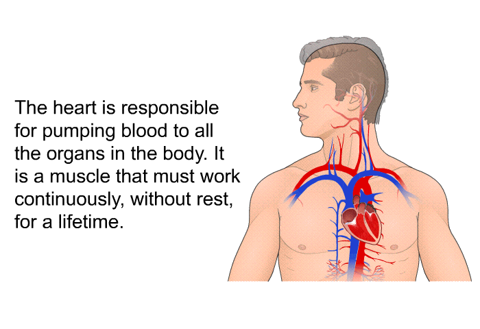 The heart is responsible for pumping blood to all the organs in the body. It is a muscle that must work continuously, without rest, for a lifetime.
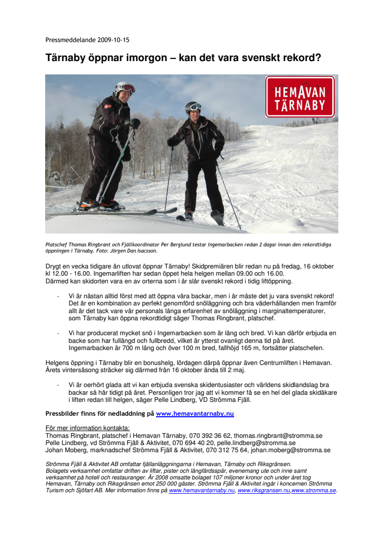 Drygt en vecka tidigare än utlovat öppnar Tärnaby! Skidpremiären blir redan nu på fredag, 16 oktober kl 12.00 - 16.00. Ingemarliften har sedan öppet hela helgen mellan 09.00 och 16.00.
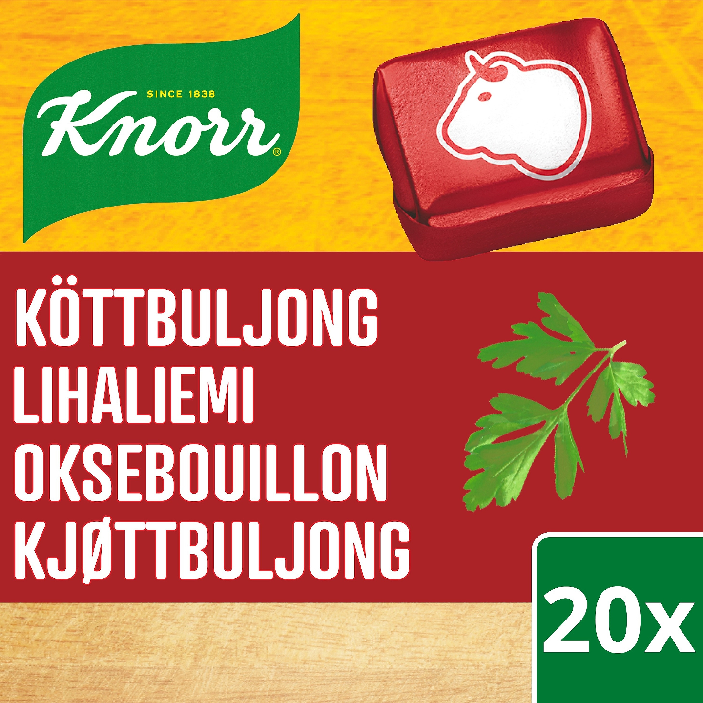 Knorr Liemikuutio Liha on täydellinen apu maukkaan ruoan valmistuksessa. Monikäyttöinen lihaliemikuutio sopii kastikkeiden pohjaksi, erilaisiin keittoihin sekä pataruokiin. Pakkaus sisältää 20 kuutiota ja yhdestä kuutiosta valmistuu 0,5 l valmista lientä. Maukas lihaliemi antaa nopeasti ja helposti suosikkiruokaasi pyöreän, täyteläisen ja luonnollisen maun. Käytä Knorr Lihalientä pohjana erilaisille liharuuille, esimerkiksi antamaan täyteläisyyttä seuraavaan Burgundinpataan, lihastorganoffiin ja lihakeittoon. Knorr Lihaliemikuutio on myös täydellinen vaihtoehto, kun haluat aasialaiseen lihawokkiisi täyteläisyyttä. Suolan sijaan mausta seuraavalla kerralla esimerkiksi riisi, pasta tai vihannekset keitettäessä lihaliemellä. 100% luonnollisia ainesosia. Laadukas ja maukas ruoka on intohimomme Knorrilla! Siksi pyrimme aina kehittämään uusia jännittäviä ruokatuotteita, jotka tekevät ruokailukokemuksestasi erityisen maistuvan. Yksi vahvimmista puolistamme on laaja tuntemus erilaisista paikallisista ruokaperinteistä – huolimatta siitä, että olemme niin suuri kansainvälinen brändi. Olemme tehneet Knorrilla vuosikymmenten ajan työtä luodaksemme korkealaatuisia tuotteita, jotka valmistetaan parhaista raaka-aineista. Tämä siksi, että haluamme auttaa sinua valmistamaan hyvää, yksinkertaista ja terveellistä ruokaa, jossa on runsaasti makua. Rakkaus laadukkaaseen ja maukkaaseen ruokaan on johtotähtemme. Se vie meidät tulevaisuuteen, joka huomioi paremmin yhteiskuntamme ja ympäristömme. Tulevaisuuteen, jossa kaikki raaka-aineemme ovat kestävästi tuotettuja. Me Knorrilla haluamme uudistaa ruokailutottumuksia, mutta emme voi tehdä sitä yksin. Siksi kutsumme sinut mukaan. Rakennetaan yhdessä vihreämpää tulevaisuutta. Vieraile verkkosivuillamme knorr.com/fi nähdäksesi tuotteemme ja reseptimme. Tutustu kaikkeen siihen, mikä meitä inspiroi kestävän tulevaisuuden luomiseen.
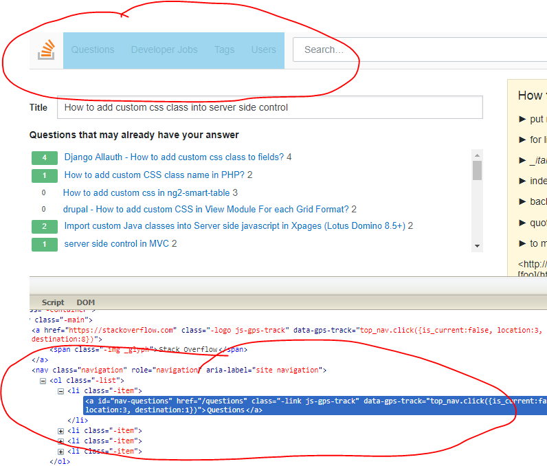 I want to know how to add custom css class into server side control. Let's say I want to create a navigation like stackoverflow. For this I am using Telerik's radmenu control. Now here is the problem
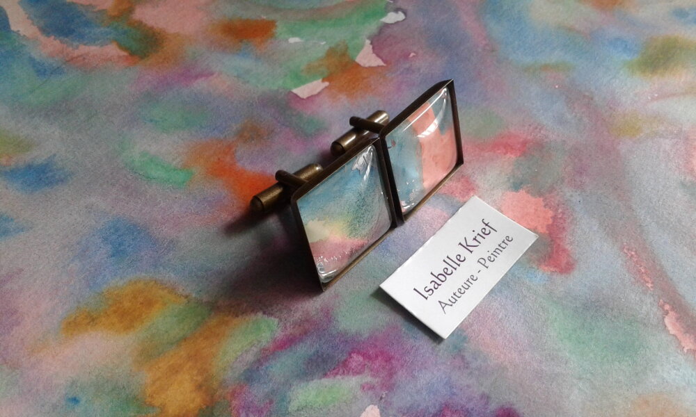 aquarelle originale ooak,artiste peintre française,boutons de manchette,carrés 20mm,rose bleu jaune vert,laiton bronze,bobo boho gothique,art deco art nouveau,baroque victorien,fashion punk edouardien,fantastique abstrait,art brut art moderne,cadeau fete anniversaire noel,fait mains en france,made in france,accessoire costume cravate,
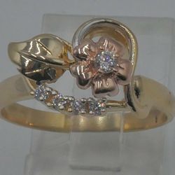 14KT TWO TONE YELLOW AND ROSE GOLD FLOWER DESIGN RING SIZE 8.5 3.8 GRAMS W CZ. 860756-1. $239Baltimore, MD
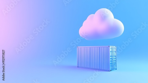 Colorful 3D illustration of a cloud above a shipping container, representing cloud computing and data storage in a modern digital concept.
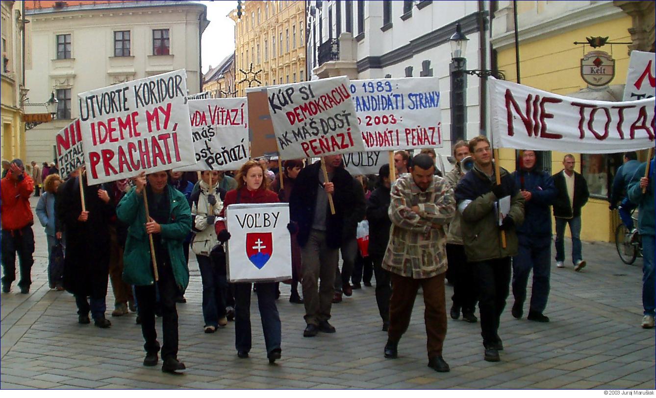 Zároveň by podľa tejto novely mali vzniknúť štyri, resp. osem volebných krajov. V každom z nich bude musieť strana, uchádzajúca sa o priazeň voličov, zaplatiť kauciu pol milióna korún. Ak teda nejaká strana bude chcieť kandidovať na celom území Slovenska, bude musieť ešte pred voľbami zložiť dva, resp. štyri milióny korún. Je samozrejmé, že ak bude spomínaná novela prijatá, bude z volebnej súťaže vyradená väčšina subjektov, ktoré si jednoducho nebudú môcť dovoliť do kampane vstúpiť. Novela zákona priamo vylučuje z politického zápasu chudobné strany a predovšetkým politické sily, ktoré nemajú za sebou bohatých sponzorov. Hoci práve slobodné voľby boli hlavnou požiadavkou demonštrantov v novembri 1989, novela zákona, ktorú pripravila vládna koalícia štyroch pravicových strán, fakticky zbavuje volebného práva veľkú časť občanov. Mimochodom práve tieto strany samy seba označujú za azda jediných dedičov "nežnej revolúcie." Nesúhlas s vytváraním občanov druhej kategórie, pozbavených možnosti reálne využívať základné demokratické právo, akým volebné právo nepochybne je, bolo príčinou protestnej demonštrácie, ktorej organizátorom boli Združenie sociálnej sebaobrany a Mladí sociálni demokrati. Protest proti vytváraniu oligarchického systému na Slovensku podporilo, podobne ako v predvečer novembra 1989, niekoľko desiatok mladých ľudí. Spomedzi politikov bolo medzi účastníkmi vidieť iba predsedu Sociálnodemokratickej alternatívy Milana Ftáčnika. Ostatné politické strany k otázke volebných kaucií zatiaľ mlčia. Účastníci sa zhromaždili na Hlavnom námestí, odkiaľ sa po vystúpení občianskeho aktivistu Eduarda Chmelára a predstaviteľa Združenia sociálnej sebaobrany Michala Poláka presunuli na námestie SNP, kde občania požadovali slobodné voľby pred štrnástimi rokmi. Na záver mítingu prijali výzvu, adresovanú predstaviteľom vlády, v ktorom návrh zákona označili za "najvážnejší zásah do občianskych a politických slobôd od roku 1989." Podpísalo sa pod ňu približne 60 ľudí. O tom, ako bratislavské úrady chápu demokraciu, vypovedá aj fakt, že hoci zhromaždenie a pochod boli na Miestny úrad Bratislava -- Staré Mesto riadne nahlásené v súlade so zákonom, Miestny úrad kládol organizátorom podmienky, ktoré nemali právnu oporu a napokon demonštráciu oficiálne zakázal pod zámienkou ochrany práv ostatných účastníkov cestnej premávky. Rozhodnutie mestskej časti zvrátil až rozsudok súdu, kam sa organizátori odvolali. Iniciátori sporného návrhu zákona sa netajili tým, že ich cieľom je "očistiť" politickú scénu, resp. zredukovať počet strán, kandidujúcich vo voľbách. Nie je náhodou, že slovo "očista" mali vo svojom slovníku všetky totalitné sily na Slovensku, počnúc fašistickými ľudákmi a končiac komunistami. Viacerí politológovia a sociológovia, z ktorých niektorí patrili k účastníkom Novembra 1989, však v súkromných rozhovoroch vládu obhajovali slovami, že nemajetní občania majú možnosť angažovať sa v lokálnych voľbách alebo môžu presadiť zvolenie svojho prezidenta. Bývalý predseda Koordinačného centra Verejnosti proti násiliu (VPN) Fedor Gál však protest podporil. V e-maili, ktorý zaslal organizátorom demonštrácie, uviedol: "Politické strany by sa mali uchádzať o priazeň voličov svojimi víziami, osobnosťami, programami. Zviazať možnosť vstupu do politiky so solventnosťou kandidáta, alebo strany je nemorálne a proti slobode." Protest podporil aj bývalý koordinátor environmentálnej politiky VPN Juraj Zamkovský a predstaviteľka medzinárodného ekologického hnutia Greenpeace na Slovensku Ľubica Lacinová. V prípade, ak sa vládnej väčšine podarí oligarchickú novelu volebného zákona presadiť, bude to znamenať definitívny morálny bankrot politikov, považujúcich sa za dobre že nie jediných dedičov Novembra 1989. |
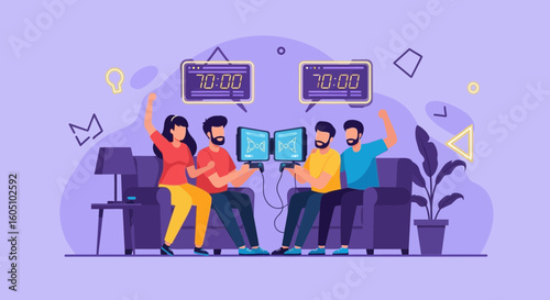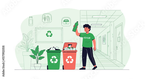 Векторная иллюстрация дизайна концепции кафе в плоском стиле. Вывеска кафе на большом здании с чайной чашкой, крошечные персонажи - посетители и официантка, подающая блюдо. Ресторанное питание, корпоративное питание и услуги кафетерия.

**Task:** Only the lines above from the one with "14KT TWO TONE" to the one with "Colorful 3D illustration" should be printed, both included and exactly as written; no picture belongs in the copy.

**Response for this exercise:**
 14KT TWO TONE YELLOW AND ROSE GOLD FLOWER DESIGN RING SIZE 8.5 3.8 GRAMS W CZ. 860756-1. $239Baltimore, MD
 Colorful 3D illustration of a cloud above a shipping container, representing cloud computing and data storage in a modern digital concept.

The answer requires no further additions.